Under the terms of the total leverage ratio covenant contained in PAETEC’s credit agreement for its senior credit facilities, PAETEC’s ratio of consolidated debt to consolidated adjusted EBITDA (as defined for purposes of the credit agreement) as of any measurement date will not be permitted to be greater than 5.00:1.00 PAETEC was in compliance with this financial covenant as of March 31, 2010.

See Note 4 to PAETEC’s condensed consolidated financial statements appearing elsewhere in this report for additional information regarding the company’s indebtedness.

Stock Repurchase Program. In 2009, PAETEC Holding’s board of directors authorized the repurchase of up to $25.0 million of PAETEC Holding’s outstanding common stock through December 31, 2010, subject to conditions. PAETEC Holding may repurchase shares from time to time, at its discretion, on the open market or in private transactions. The repurchase program does not obligate PAETEC Holding to repurchase any specific number of shares, and may be modified or discontinued at any time. As of March 31, 2010, after taking into account repurchases made under the plan through such date and restrictions under its debt agreements, PAETEC Holding retained the ability to repurchase $16.2 million of common stock through December 31, 2010.

Capital and Cash Requirements. PAETEC expects that it will continue to require significant capital expenditures to maintain and enhance its network and services and to generate planned revenue growth. PAETEC made capital expenditures, principally for the purchase of communications equipment, of approximately $29.5 million in the 2010 quarter. PAETEC expects to fund all of its 2010 capital expenditures from cash on hand and cash flow from operations.
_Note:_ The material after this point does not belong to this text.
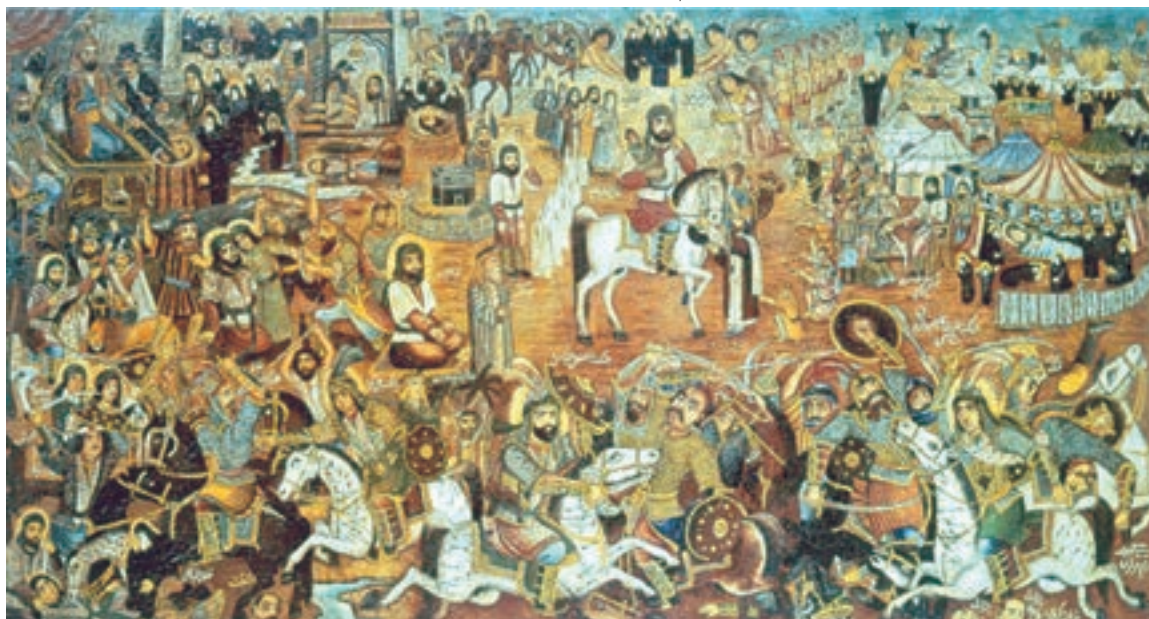
تصویر ۲-۷۱- مصیبت کربلا، اثر حسین قولر آقاسی، رنگ روغن روی بوم، حدود ۱۳۳۰ ه.ش.

PAETEC plans to make such capital expenditures primarily for the following purposes:

 

   

to continue to acquire and install equipment to enhance and maintain its network;

 

   

to increase penetration of its existing markets;

 

   

to expand its operations into additional geographic markets; and

 

   

to make infrastructure enhancements, principally for its back office systems.

The actual amount and timing of PAETEC’s capital requirements may differ materially from its estimates as a result of regulatory, technological and competitive developments in the company’s industry. As of March 31, 2010, PAETEC had entered into agreements with vendors to purchase approximately $14.7 million of equipment and services, of which PAETEC expects $11.5 million to be delivered and payable in 2010, $2.1 million in 2011 and $1.1 million in 2012.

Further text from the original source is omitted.